Guido Cornarino (born c. 1920) is an Italian rugby union and professional rugby league footballer who played in the 1940s and 1950s. He played club level rugby union (RU) for R.S. Ginnastica Torino, and representative level rugby league (RL) for Italy, and at club level for Torino XIII, as a .

==Playing career==

===International honours===

====Rugby league====
Vincenzo Bertolotto co-organised (with Dennis Chappell , from Wakefield, and a Turin resident), and captained the Italy (RL) tour of 1950 to France (3 matches), England (including; 28-49 defeat by Wigan at Central Park, Wigan on Saturday 26 August 1950, Huddersfield at Fartown Ground, Huddersfield on Wednesday 6 September 1950, St. Helens at Knowsley Road on Thursday 16 November 1950), and Wales (including; 11-29 defeat by South Wales XIII at Brewery Field, Bridgend on Saturday 2 September 1950).

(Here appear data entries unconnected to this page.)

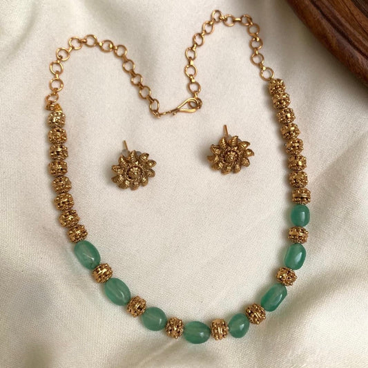 Gold-Toned Floral Stud-Mint Stone Necklace 1383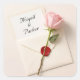 A delicate pink rose is elegantly placed on blank wedding stationery, including a red wax-sealed envelope.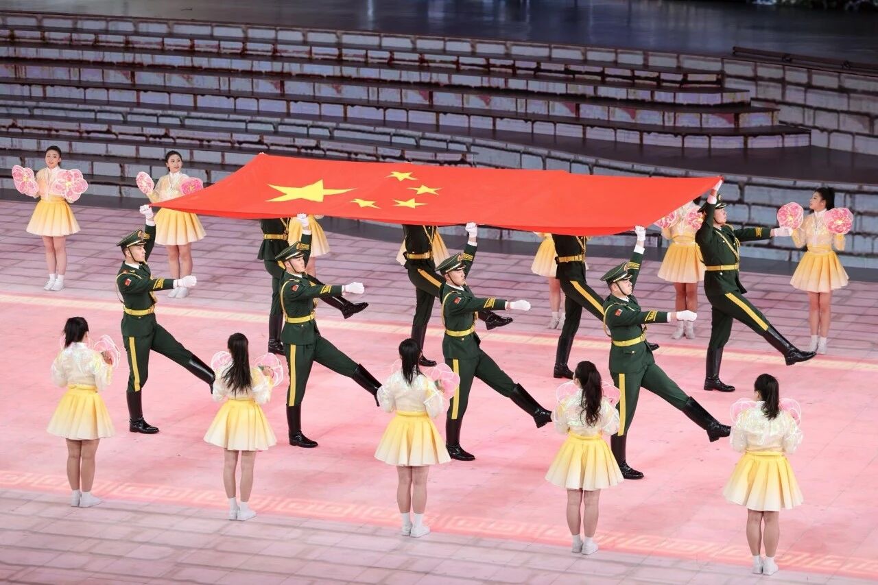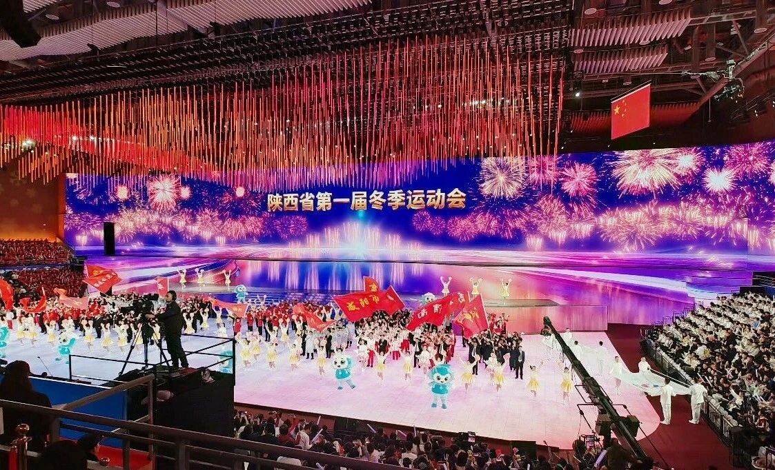 大文体表演环节中,以《驰冰燃雪向新程》为主题、以《古脉新承》《沸冬腾雪》《陕耀未来》为篇章相继精彩呈现,巨幅LED屏幕、光影效果、演员表演完美融合,向外界展示一个风光旖旎、向新向上的榆林,一个追赶超越、谱写新篇的陕西。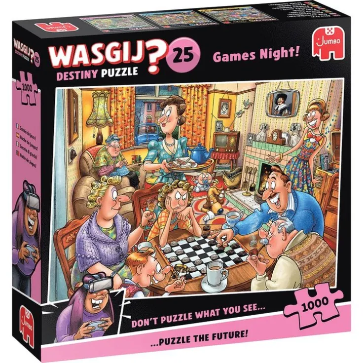 Introducing Wasgij Destiny 25 Games Night. Dive into the world of Wasgij Destiny 25 and experience a brainteaser like no other. Unlike traditional jigsaw puzzles, you won’t be piecing together the image on the box. Instead, you’ll challenge your imagination by puzzling the future. This innovative concept adds a fresh twist to your puzzle collection.Imagine how games night with the family has evolved over the years. With new technology, today’s games night might look significantly different from what we remember. Wasgij Destiny 25 captures this transformation, making it a fun and engaging puzzle experience.Wasgij puzzles are known for testing your imagination and problem-solving skills. This 1000-piece puzzle will push you to think outside the box, providing a rewarding challenge for puzzle enthusiasts who crave something beyond the ordinary.Crafted from 100% recycled cardboard, this jigsaw puzzle promises sustainability without compromising on quality. Each piece is precision die-cut to ensure it maintains its original shape, guaranteeing a satisfying and seamless puzzling experience.Embrace the challenge of Wasgij. With no picture to guide you, use your imagination and the clues provided to uncover the future scene. Perfect for seasoned puzzlers and those looking to elevate their puzzle game, Wasgij Destiny 25 offers hours of brainteasing fun.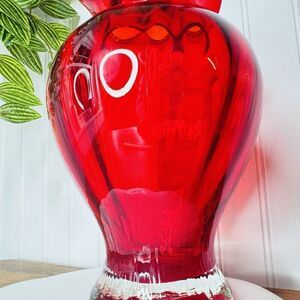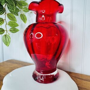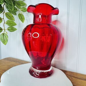 Vintage Ruby Red Glass Vase Bowl Ruffled Ribbed Melon Heavy BEAUTIFUL 9.25”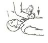 | Ладонь следует расположить по средней линии грудины так, чтобы большой палец был направлен либо на подбородок, либо на живот пострадавшего. Основной толчок должен приходиться на основание ладони.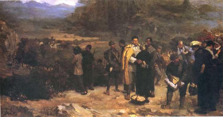 油画《告别》(150x280cm)尹戎生 1957年
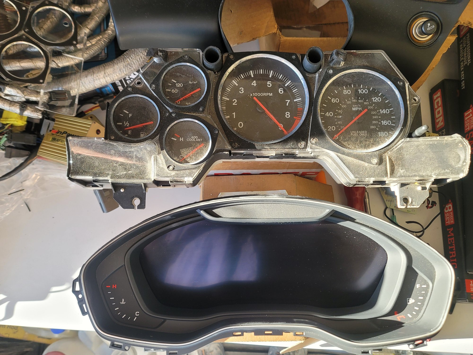 I'll try to keep the backstory short. I've been using Speedhut gauges with a couple Spa dual gauges, all mounted in the original cluster. One of the Spa gauges died, and I figured I'd start looking into options for digital displays so I can get ALL the info in the cluster.

The Italy (RL) squad was; Guido Aleati (previously of R.S. Ginnastica Torino (RU)), Sergio Aleati (previously of R.S. Ginnastica Torino (RU)), Roberto Antonioli (previously of R.S. Ginnastica Torino (RU)), Angelo Arrigoni (previously of R.S. Ginnastica Torino (RU)), Vincenzo Bertolotto (previously of R.S. Ginnastica Torino (RU)), Michele Bietto, Giovanni Bonino (previously of R.S. Ginnastica Torino (RU)), Luigi Bosia, Giuseppe Cannone, Pasquale Cannone, Delio Caron, Gabriele Casalegno (previously of R.S. Ginnastica Torino (RU)), Amerio Chiara, Giorgio Cornacchia, Guido Cornarino (previously of R.S. Ginnastica Torino (RU)), Fabrizio Faglioli, Enzo Francesconi, Giuseppe Franco, Aldo Guglielminotti (previously of R.S. Ginnastica Torino (RU)), Giovanni Orecchia, Luigi Pignattaro, Franco Pipino, Giorgio Rassaval, Giorgio Rubino, Giovanni Tamagno (previously of R.S. Ginnastica Torino (RU)), Oreste Tescari and Giovanni Vigna.

===Club career===

====Rugby union====
Cornarino was a member of the R.S. Ginnastica Torino (RU) team that won the 1947 Campionati italiani. In honour of this, Cornarino's name appears alongside his teammates on a plaque affixed to Motovelodromo Fausto Coppi in Turin, the squad was; eight players that would subsequently accompany Cornarino on the 1950 rugby league tour, and also Ausonio Alacevich, Bianco, Campi, Chiosso, Chiosso, Mario Dotti IV, Pescarmona, Piovano, Rocca, Felice Rama (coach), Siliquini, and Sandro Vigliano.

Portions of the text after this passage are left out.